Von Lange HandUnser heutiger Gast im Nähcafé steht für wunderbare Geschenkideen für Babys und kleine Kinder. Unter dem Label "Von Lange Hand" bringt Franziska ganz besondere Schnitte heraus, die Mütter wie Kinder bezaubern. Heute erzählt sie uns, wie sie auf ihre Ideen kommt, was ihre Kinder von ihren Kreationen halten und warum es für sie wichtig ist, dass E-Book-Anleitungen im Querformat angelegt sind.

Sewunity: Liebe Franziska, herzlich willkommen bei uns im Nähcafé! Schön, dass du zu einem Interview die Zeit gefunden hast. Dein Label „Von Lange Hand“ ist vielen vor allem durch den Schnullerdrachen bekannt – warum denn ausgerechnet ein Schnullerdrache?

Franziska: Weil Drachen tolle Tiere sind. Weil sie beschützen, verteidigen und dabei doch stets ein weiches Herz haben.
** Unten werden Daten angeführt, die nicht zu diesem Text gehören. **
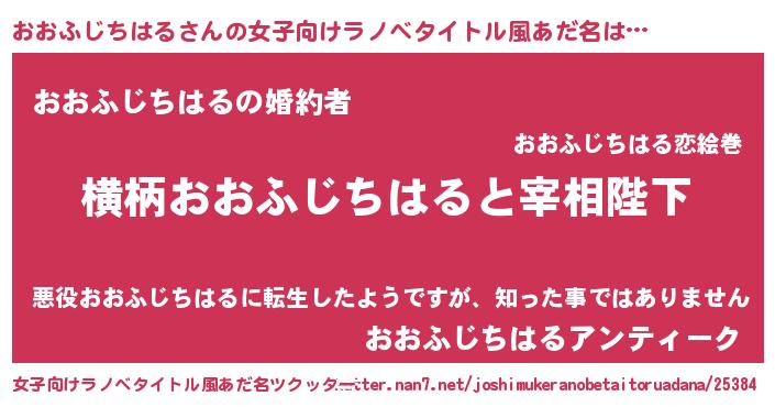 男性向けラノベタイトル風あだ名 | 『おおふじちはるに滅ぼされるだけの簡単なお仕事です』 |

Weil selbst die furchteinflößendsten Gesellen unter ihnen immer bisschen niedlich aussehen. Und weil jede Familie so einen treuen Begleiter brauchen kann, der aufpasst, dass das oft wichtigste Utensil, Babys Schnuller, nicht verlorengeht …

Eine Frage musstest du wahrscheinlich schon oft beantworten: Wie bist du auf den Namen für dein Label gekommen? Steckt da eine Geschichte dahinter?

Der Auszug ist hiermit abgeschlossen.